┌─ PROVIDED DATA

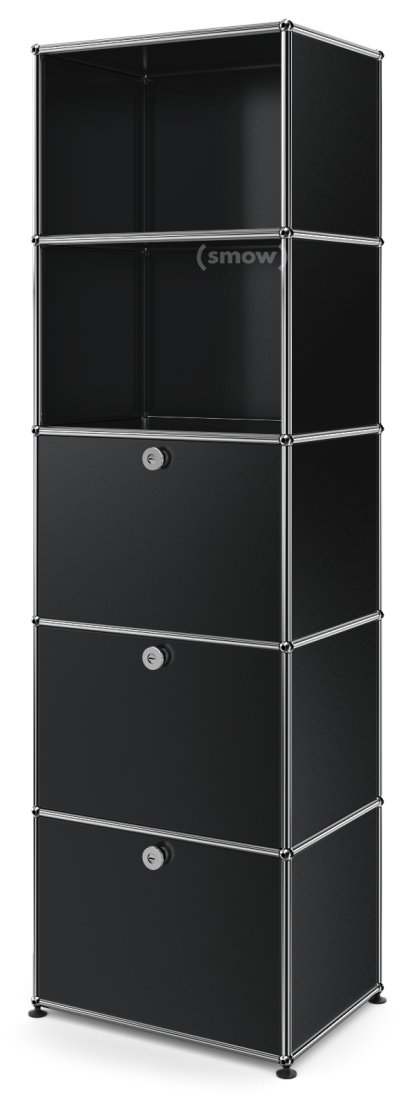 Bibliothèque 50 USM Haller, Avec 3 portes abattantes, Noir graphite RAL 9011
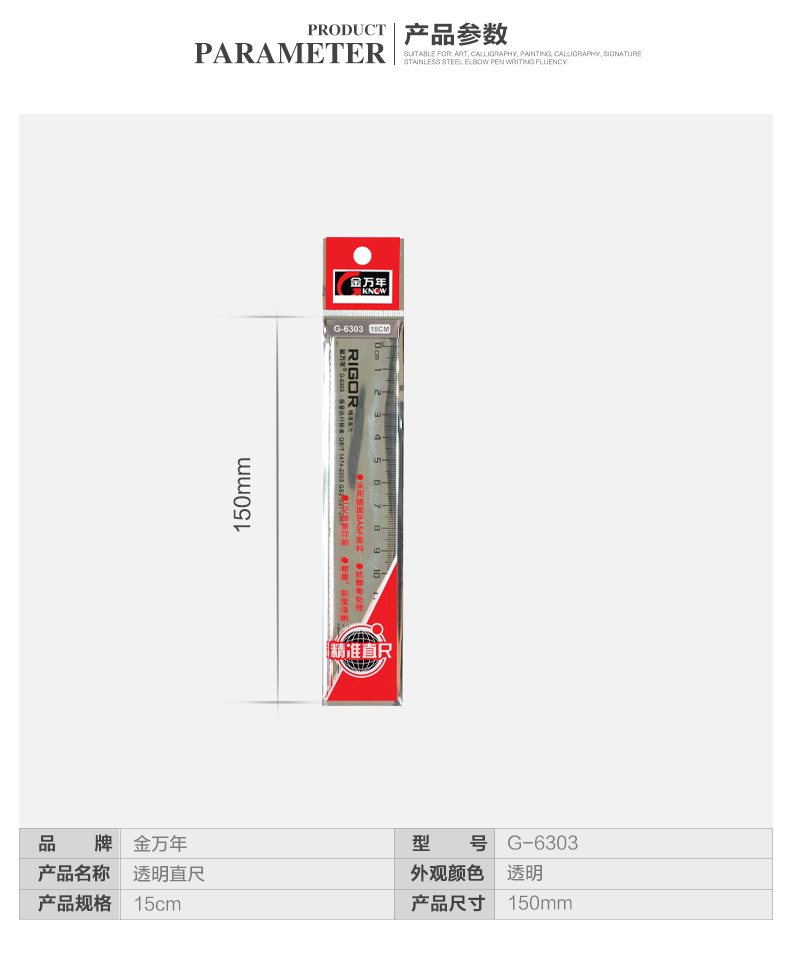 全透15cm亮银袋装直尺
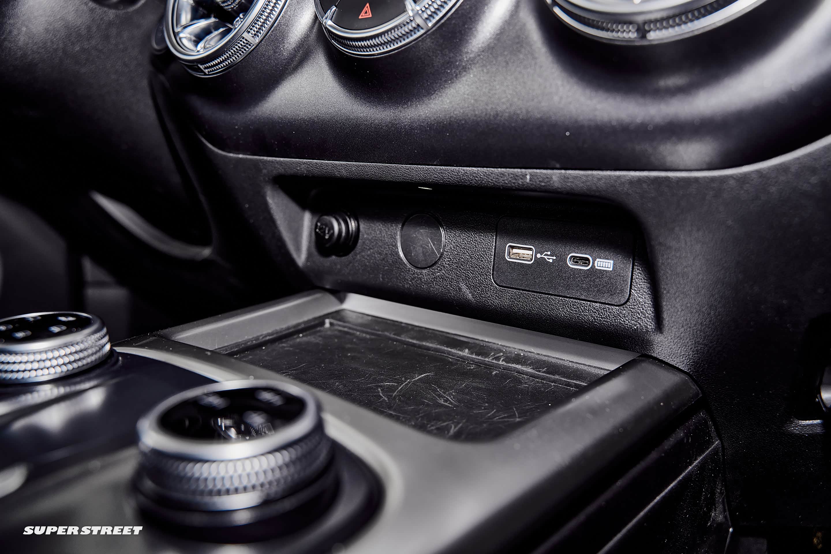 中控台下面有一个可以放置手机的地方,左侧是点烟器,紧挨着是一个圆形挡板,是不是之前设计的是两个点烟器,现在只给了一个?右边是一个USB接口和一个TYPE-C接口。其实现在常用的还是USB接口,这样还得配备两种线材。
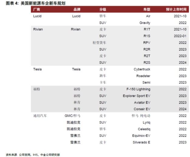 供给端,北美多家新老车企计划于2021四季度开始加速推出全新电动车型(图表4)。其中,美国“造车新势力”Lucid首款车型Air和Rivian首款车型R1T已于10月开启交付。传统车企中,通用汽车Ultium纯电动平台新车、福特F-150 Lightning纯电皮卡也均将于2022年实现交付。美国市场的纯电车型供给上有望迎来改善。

└─

**TASK ITEM:** Please give the data again unaltered, leaving out any images.

**RESPONSE TO THIS TASK:**
 Bibliothèque 50 USM Haller, Avec 3 portes abattantes, Noir graphite RAL 9011
 全透15cm亮银袋装直尺
 中控台下面有一个可以放置手机的地方,左侧是点烟器,紧挨着是一个圆形挡板,是不是之前设计的是两个点烟器,现在只给了一个?右边是一个USB接口和一个TYPE-C接口。其实现在常用的还是USB接口,这样还得配备两种线材。
 供给端,北美多家新老车企计划于2021四季度开始加速推出全新电动车型(图表4)。其中,美国“造车新势力”Lucid首款车型Air和Rivian首款车型R1T已于10月开启交付。传统车企中,通用汽车Ultium纯电动平台新车、福特F-150 Lightning纯电皮卡也均将于2022年实现交付。美国市场的纯电车型供给上有望迎来改善。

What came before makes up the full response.